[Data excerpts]
════════

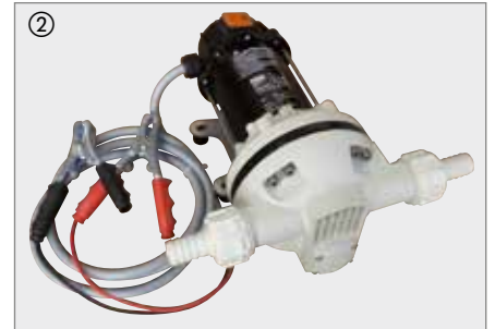
Elektropumpe Cematic Blue 12V + 24V

AUS32 (AdBlue®) Frostschutzmittel Scheibenreiniger
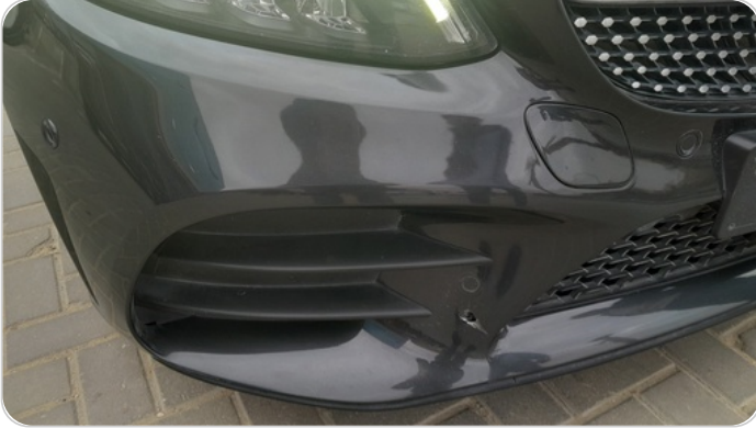
الاكصدام الأمامي : فبريكة (خرابيش)
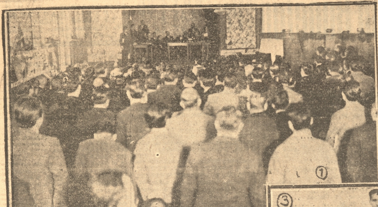
1.— Arriba.— Un aspecto de la concurrencia que acudió a la sesión de clausura de la Convención de Subsistencias, en el salón de "La Ilustración de la Mujer"
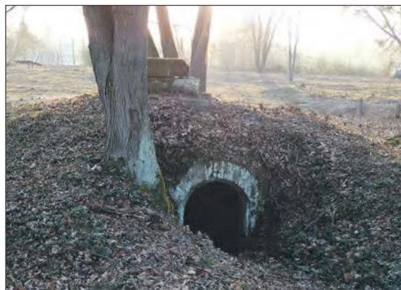
☛ W trakcie prac udało się odsłonić nie tylko nagrobki, ale i całe grobowe piwnice
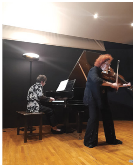
RIVKA GOLANI U ŽOZ-U

Studirala je na Glazbenoj akademiji u Tel Avivu kod Oedena Partosa. S 23 godine postala je članica Izraelske filharmonije. Seli u Kanadu sredinom 1970-ih gdje započinje svoju solo karijeru, a njezin sadašnji dom je London. Inspirativna je učiteljica koja na svoje
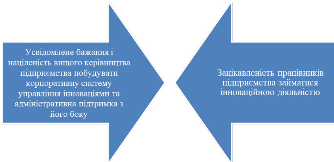
Рис. 3. Передумови ефективного впровадження технологічних інновацій на підприємстві

розвитку суспільства, науково-технічному прогресу, вимогам клієнтів у забезпеченні їх очікувань відповідно до потреб та інтересів.
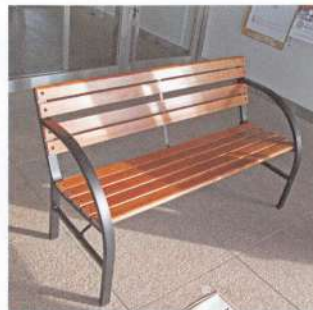
ひと休みできるベンチを各区に配布

月1回、20分程度の短時間ではありますが、みんなで体を動かし、心と体をほぐしていただければと思います。
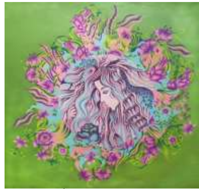
شكل (١٥) التصميم الأصلي
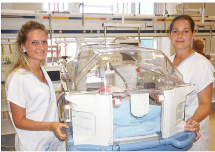
Práce pro celou rodinu Projekt cílí na Česko a Slovensko, časem se rozšíří také na další země.

Na webových stránkách nemocnice najdou zdravotníci pod záložkou Kariéra jednoduchý formulář a po jeho odeslání se jim zobrazí podobný pro rodinné příslušníky. Jejich data se pak dostanou k zaměstnavatelům, kteří se na systému podílejí. „O tom, zda sestřičky
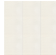
Simpleシリーズ / SLA1N
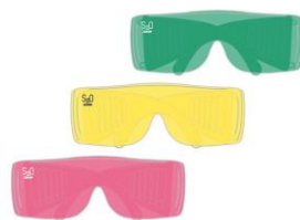
クリアゴーグル PRICE:1000円(税込)
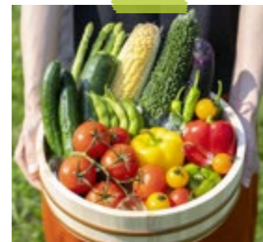
地元の食べ物や商品を選ぶ
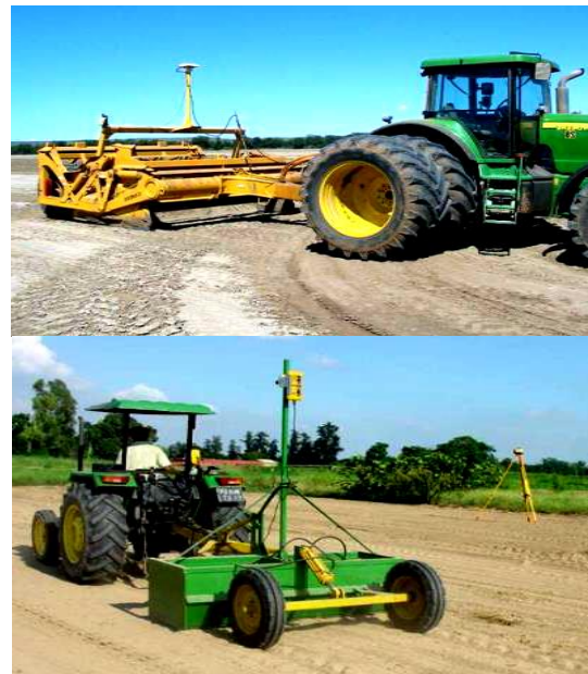
شکل ۵- تسطیح زمین توسط مسطح‌کننده لیزری Figure 5- Ground leveling by laser leveler

برای اجرای روش‌های نوین کشت بایستی زمین از تسطیح مناسبی برخوردار باشد؛ زیرا برای آبیاری یکنواخت مزرعه، بایستی زمین هموار بوده و دارای شیب یکنواخت و معینی باشد. اگر شیب کلی زمین مناسب بوده اما زمین کمی ناهموار باشد، انجام یک یا دو بار ماله (لولر) معمولی برای تسطیح زمین کفایت می‌کند. در صورت مناسب نبودن شیب کلی زمین و وجود ناهمواری زیاد در مزرعه، برای برخورداری کامل از مزایای کشت گندم روی پشته‌های بلند، لازم است زمین با ماله لیزری تسطیح اساسی شود و این کار هر پنج سال یک‌بار تکرار می‌شود (شکل ۵).

════════

[Work order] Could the lines from the first entry through the line that contains "1.— Arriba.— Un" be copied exactly, with all pictures left out?

[Written solution]
Elektropumpe Cematic Blue 12V + 24V

AUS32 (AdBlue®) Frostschutzmittel Scheibenreiniger
الاكصدام الأمامي : فبريكة (خرابيش)
1.— Arriba.— Un aspecto de la concurrencia que acudió a la sesión de clausura de la Convención de Subsistencias, en el salón de "La Ilustración de la Mujer"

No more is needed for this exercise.